Dataset records:

+ + + + + + +

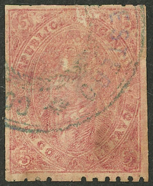 5c. 5th printing, with biconcave ellipse cancel of Rosario in green-blue (Image)
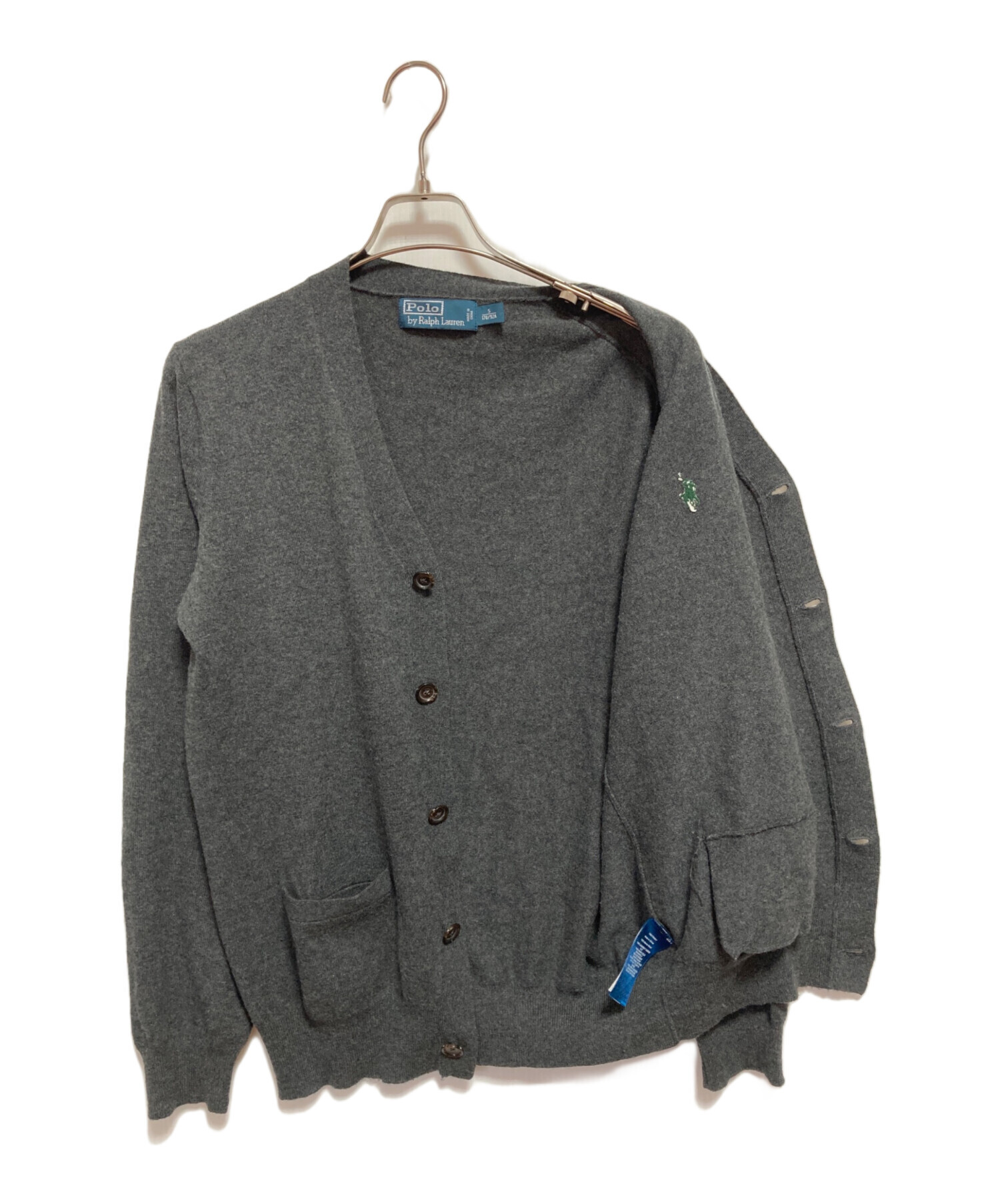 • POLO RALPH LAUREN(ポロ・ラルフローレン)POLO RALPH LAUREN (ポロ・ラルフローレン) メリノウールエルボーパッチカーディガン グレー サイズ:Sの古着・服飾アイテム 毛羽立ちがございます。
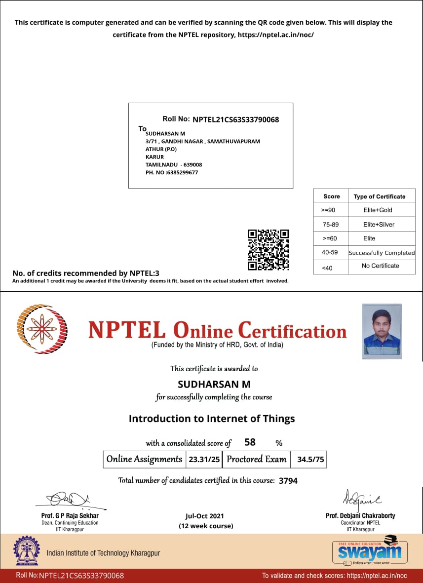 I have completed the Introduction to Internet of Things course offered by NPTEL. This course has provided me with an in-depth understanding of the Internet of Things, its applications, and the potential opportunities it can offer. I am confident that the knowledge and skills I have gained from this course will be of great value to my professional development.
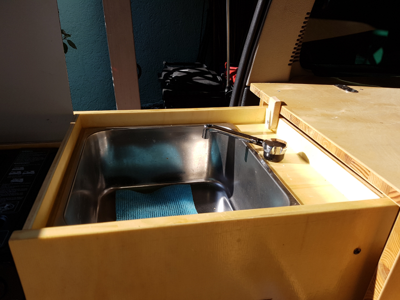 Wasserpumpe im Frischwassertank, Spüle, Abwassertank herausnehmbar, alles im Küchenblock
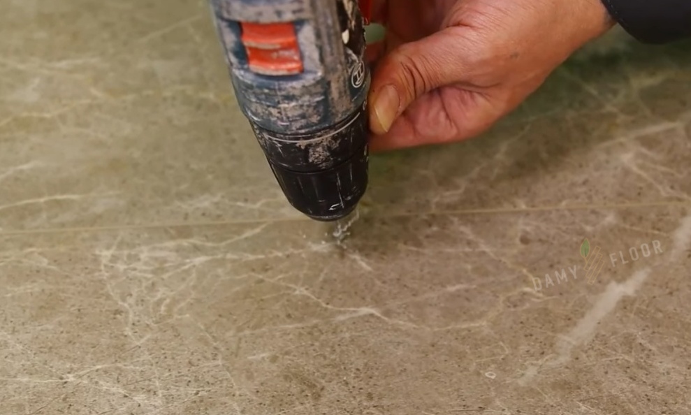 Осторожно просверлите маленькое отверстие в плитке. Важно контролировать глубину и не задеть стяжку.
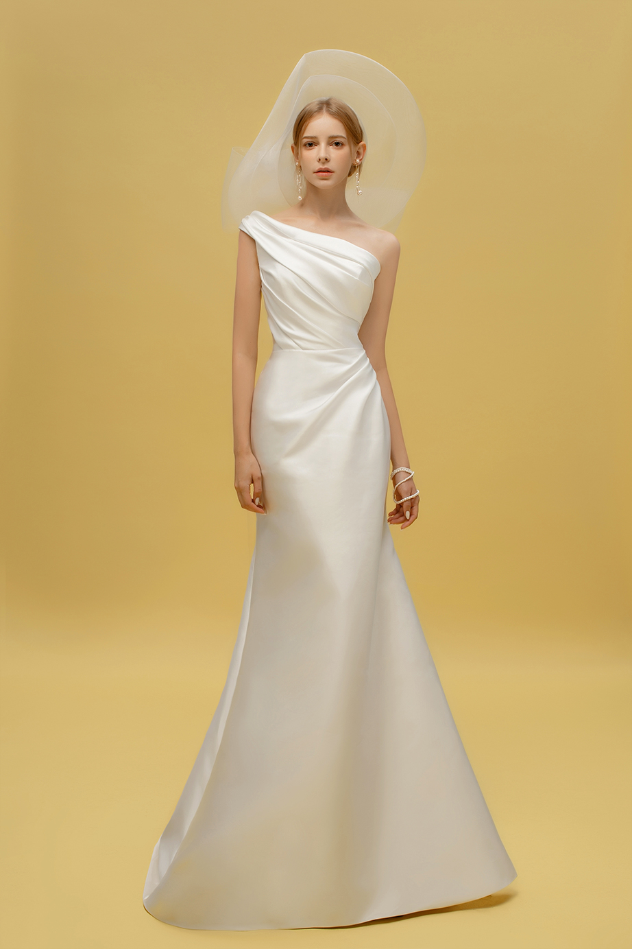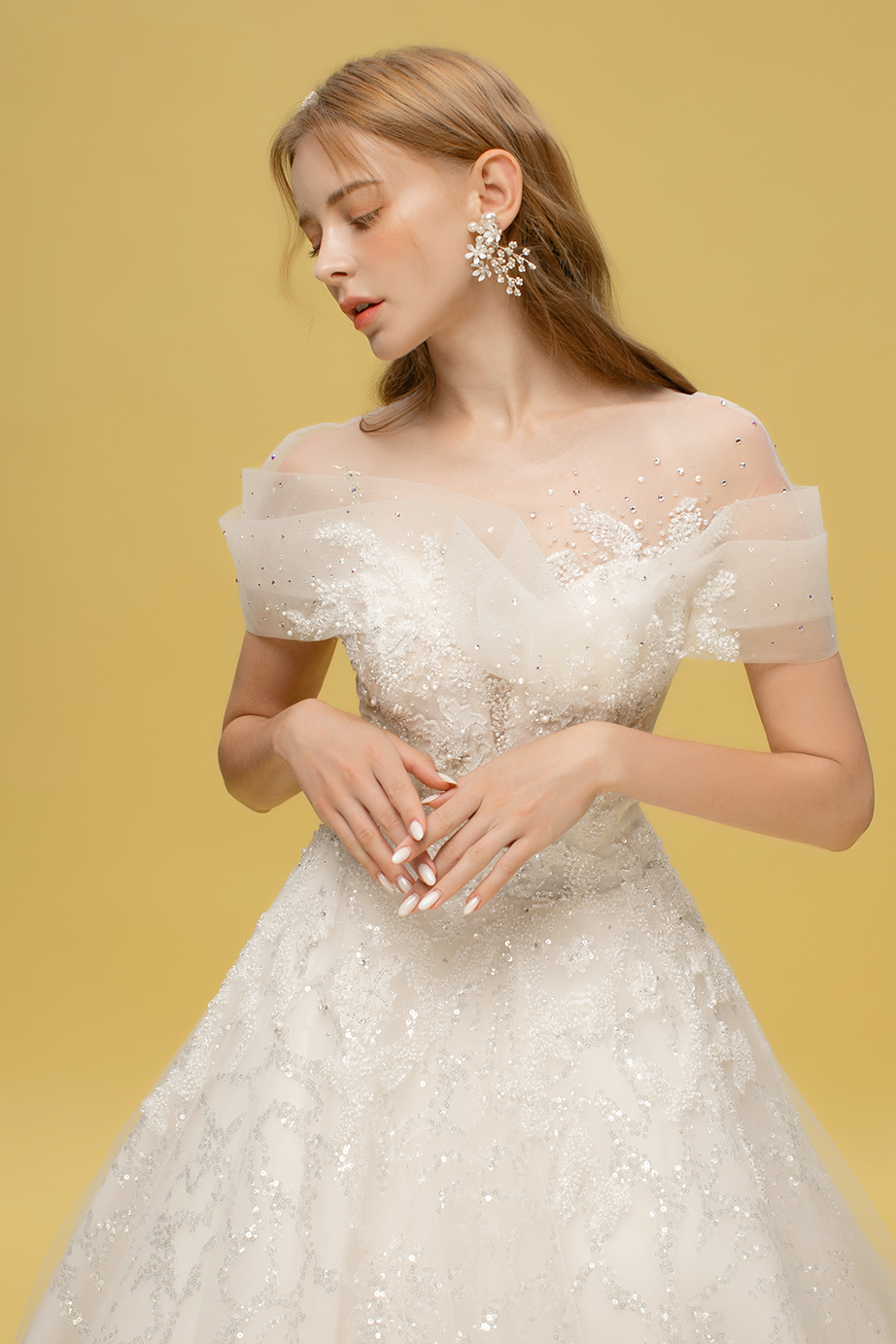 - 키가 작은 체형: V자의 디자인이 상반신을 연장하는 효과가 있어, 키가 작은 신부들에게도 어울림
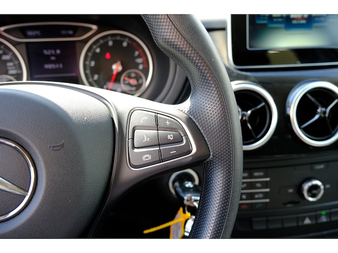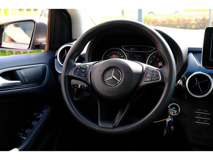 Tijdens de rit bedient u het audiosysteem met de knoppen op het stuur of met uw stem. Aan boord van deze Mercedes-Benz B-klasse is een achteropkomend verkeer waarschuwing voor extra veiligheid. Cruise control is aanwezig; prettig voor de lange einden. In deze auto kiest u zelf uw ideale temperatuur dankzij de airconditioning. Ook is de Mercedes-Benz uitgerust met: buitentemperatuurmeter, centrale deurvergrendeling met afstandsbediening, boordcomputer en verstelbaar stuur.

+ + + + + + +

#### ACTION ITEM
Include the first line of the records, the line containing "グレー サイズ:Sの古着・服飾アイテム 毛羽立ちがございます。", and every line between them, repeated exactly. Skip the pictures.

#### PROBLEM SOLUTION
 5c. 5th printing, with biconcave ellipse cancel of Rosario in green-blue (Image)
 • POLO RALPH LAUREN(ポロ・ラルフローレン)POLO RALPH LAUREN (ポロ・ラルフローレン) メリノウールエルボーパッチカーディガン グレー サイズ:Sの古着・服飾アイテム 毛羽立ちがございます。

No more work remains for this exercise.